Space & Astronomy
Russia calculates how to nuke an asteroid
By T.K. Randall
February 29, 2016 · 20 comments
Could nuclear weapons save the planet ? Image Credit: NASA
Russian scientists have been determining how to use nuclear weapons to protect the Earth from asteroids.
There's no denying that a sufficiently large space rock could prove catastrophic were it to ever hit the Earth - a fact that has prompted a renewed effort in recent years both to catalog any potential threats and to develop new ways of stopping an apocalyptic asteroid before it can hit us.
While some researchers have been coming up with ways to slowly nudge an asteroid off course, scientists in Siberia have been pursuing a decidely less conservative approach to the problem.
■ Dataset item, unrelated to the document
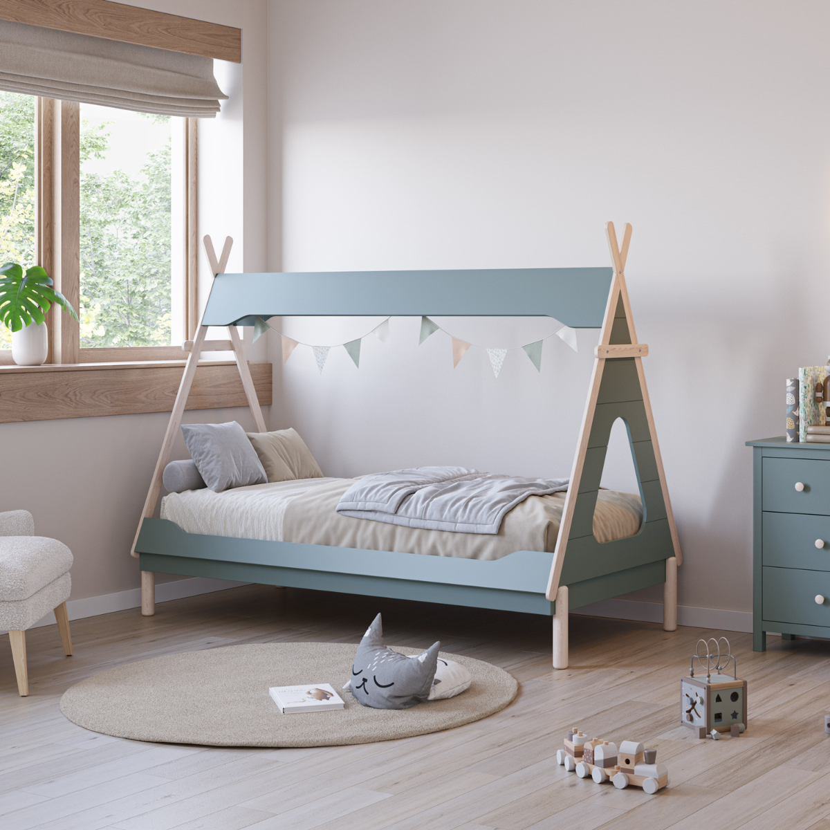 - Tipi-huisbed met slaapoppervlak van 90x190 cm, modulair.

With the help of Tomsk State University's SKIF Cyberia supercomputer, the team has been able to calculate what it would take to blow up an incoming asteroid using nuclear weapons without running the risk of having radioactive fragments raining back down on to the Earth afterwards.
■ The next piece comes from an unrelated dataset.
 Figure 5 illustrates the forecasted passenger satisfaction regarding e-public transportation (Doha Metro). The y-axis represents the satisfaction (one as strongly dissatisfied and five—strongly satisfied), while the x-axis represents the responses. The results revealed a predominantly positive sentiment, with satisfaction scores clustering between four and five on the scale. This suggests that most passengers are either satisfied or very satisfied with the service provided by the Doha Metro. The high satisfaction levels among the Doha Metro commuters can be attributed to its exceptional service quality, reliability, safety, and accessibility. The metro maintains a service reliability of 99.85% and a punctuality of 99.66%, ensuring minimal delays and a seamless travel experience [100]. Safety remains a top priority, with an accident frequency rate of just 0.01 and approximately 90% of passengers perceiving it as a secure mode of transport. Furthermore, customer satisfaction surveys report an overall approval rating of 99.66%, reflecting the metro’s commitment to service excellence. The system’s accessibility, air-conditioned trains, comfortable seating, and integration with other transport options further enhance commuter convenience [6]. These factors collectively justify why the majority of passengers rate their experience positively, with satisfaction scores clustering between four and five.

Their findings suggested that to obliterate a 200m-long asteroid it would take a one megaton warhead - the equivalent to one million tons of TNT ( or 66 Horishima bombs. )
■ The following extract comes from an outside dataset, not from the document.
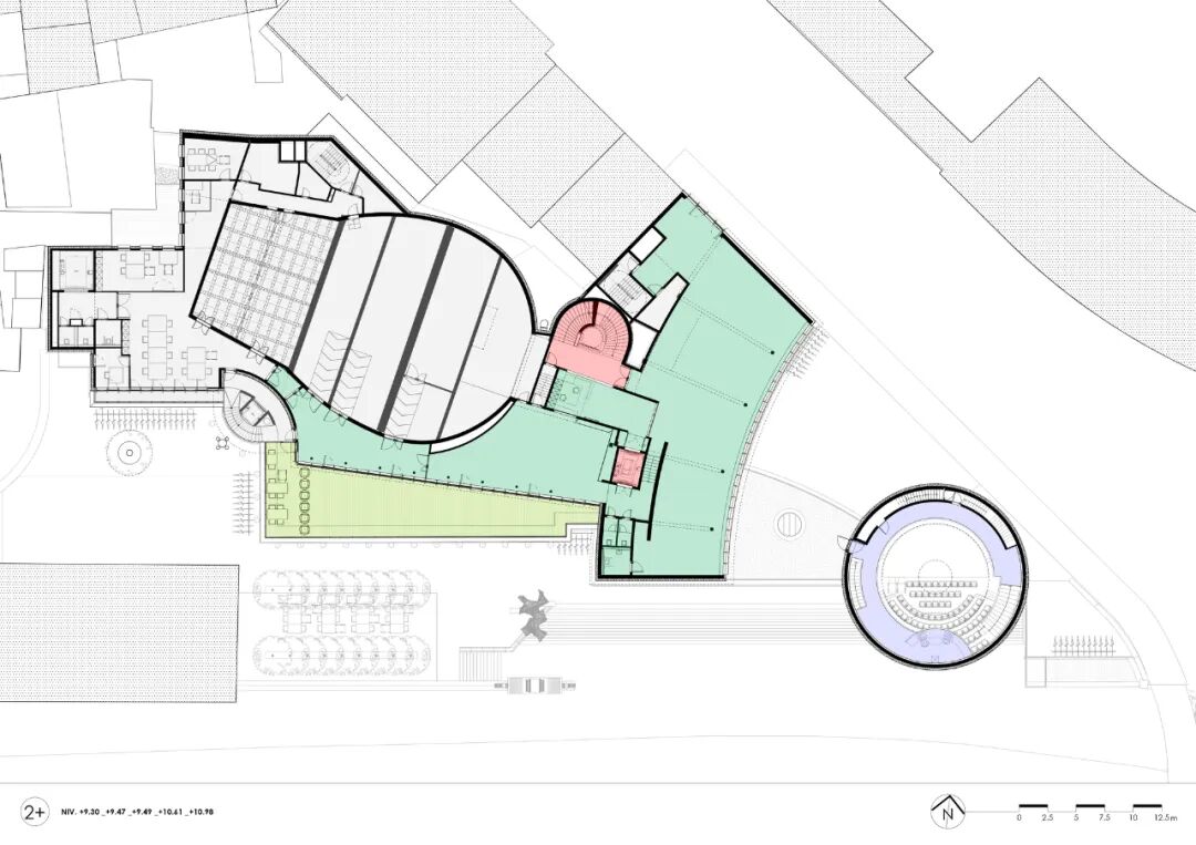 该项目应保留现有建筑(后台区域和场地西北角的附属小型建筑除外)。在可容纳 450 人的主剧场门厅内增加了一个中间夹层,并在 “羊角面包”(第 4 层)顶部增加了一层,扩建部分将满足功能需求。这些扩建部分包括位于 “羊角面包 ”前方的建筑东侧,由接待门廊组成的 “圆柱体”,以及建筑东北侧的重要扩建部分。

They also deemed it important to blow the asteroid up as early on as possible because, given that many potentially dangerous asteroids pass us by multiple times, the nuke could be detonated while the object was moving away from us rather than directly towards us.
This, coupled with detonating the nuke behind the rock rather than in front of it, could help to minimize the risk that we would be bombarded with radioactive debris afterwards.